_THE PROBLEM_: Down to the last line, repeat the entries exactly and drop any image.

_DATA FOR ANALYSIS_:
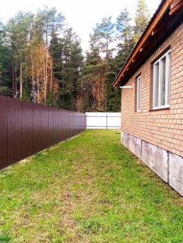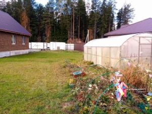 Особенности участка: Большой, плоский земельный участок, покрытый аккуратным газоном. Здесь установлена теплица и построена современная баня (2021 года).
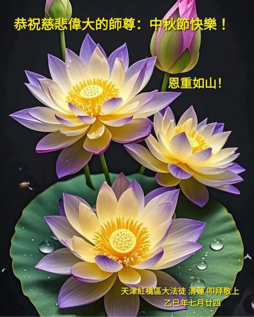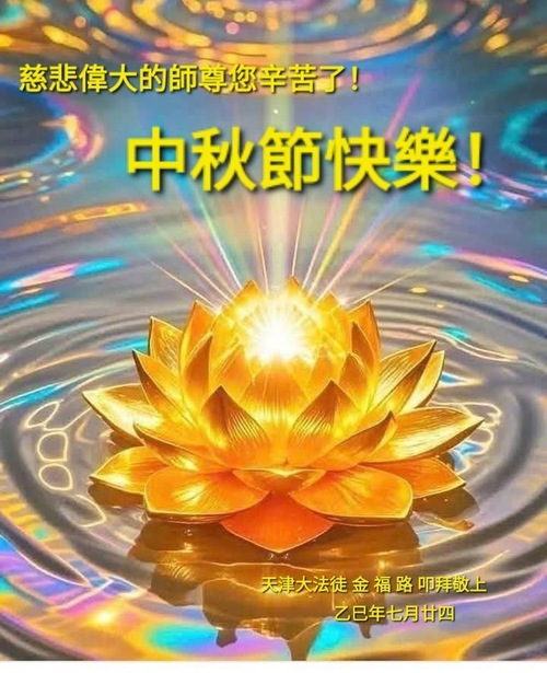 Falun-Dafa-Praktizierende in der chinesischen Stadt Tianjin wünschen dem verehrten Meister respektvoll ein frohes Mittherbstfest! (18 Grüße)
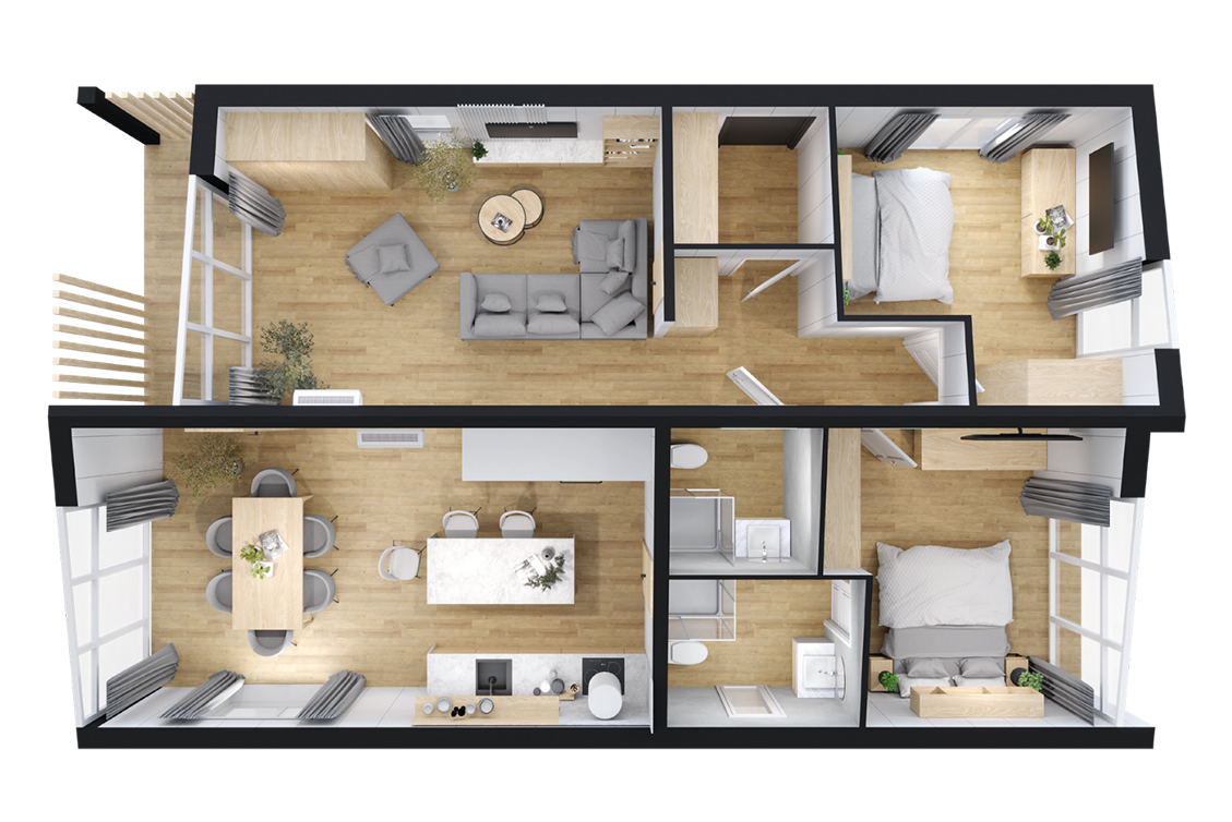 Es bietet zwei großzügige Schlafzimmer, zwei moderne Badezimmer sowie ein offen gestaltetes Wohn- und Esszimmer mit integrierter Küche.
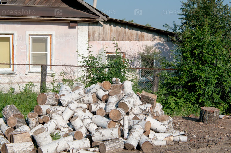 Березовые дрова у деревенского дома
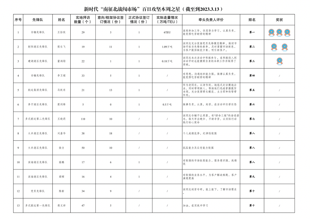 第一名:巾幗先鋒隊(duì) 王怡秋(拜訪客戶29家、簽訂意向協(xié)議3份,簽訂正式協(xié)議1份,實(shí)際走量6TEU)
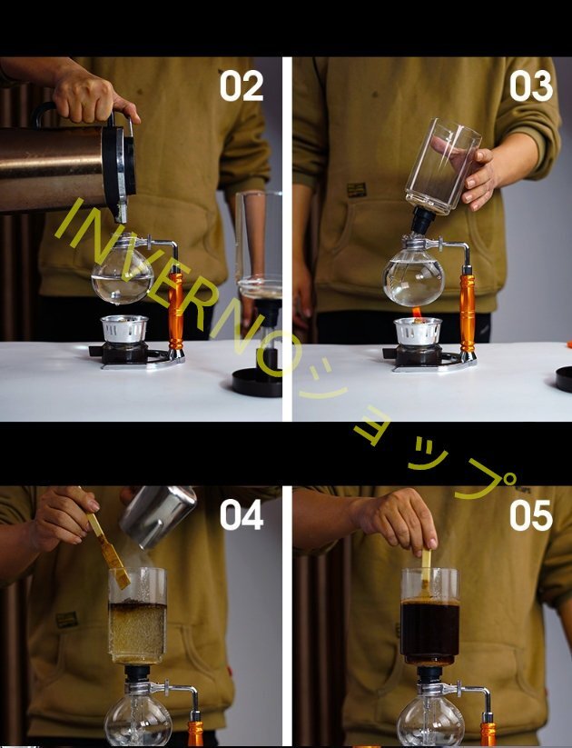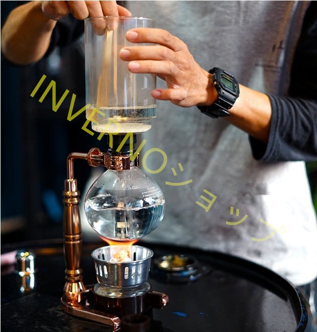 4. 1分が経ったら、アルコールランプを消します。コーヒーはゆっくりと上部のポットから下部のポットに戻ります。これで、1 ポットのコーヒーが完成です。
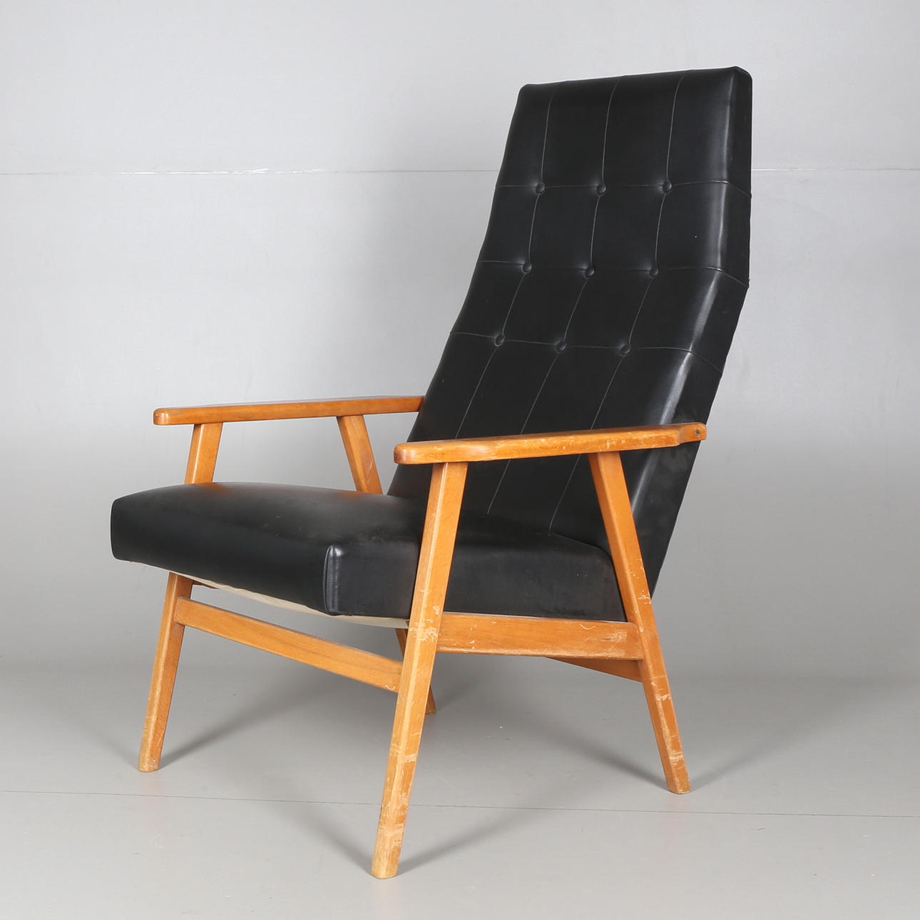 332901. KARMSTOL, trä och skinn, 1900-tal.
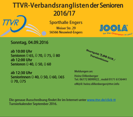 !!! Achtung Änderung !!! - TTVR-Verbandsranglisten der Senioren
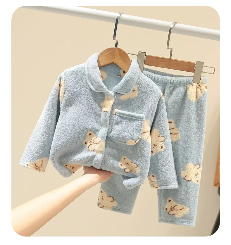 children's pajama sets for boys and girls, winter fleece-lined and thickened home wear.
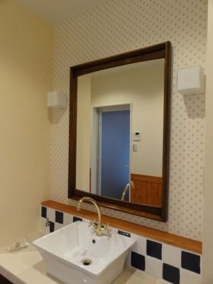 洗面所のミラーもパームスプリングスより。このところ、ミラーを新築に上手く取り付けていただいています。
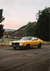 Dit schilderij toont een vintage auto met een zwart dak geparkeerd op een onverharde weg, omgeven door weelderig groen en heuvels tijdens de schemering.

_SOLUTION FOR THIS EXERCISE_:
 Особенности участка: Большой, плоский земельный участок, покрытый аккуратным газоном. Здесь установлена теплица и построена современная баня (2021 года).
 Falun-Dafa-Praktizierende in der chinesischen Stadt Tianjin wünschen dem verehrten Meister respektvoll ein frohes Mittherbstfest! (18 Grüße)
 Es bietet zwei großzügige Schlafzimmer, zwei moderne Badezimmer sowie ein offen gestaltetes Wohn- und Esszimmer mit integrierter Küche.
 Березовые дрова у деревенского дома
 第一名:巾幗先鋒隊(duì) 王怡秋(拜訪客戶29家、簽訂意向協(xié)議3份,簽訂正式協(xié)議1份,實(shí)際走量6TEU)
 4. 1分が経ったら、アルコールランプを消します。コーヒーはゆっくりと上部のポットから下部のポットに戻ります。これで、1 ポットのコーヒーが完成です。
 332901. KARMSTOL, trä och skinn, 1900-tal.
 !!! Achtung Änderung !!! - TTVR-Verbandsranglisten der Senioren
 children's pajama sets for boys and girls, winter fleece-lined and thickened home wear.
 洗面所のミラーもパームスプリングスより。このところ、ミラーを新築に上手く取り付けていただいています。
 Dit schilderij toont een vintage auto met een zwart dak geparkeerd op een onverharde weg, omgeven door weelderig groen en heuvels tijdens de schemering.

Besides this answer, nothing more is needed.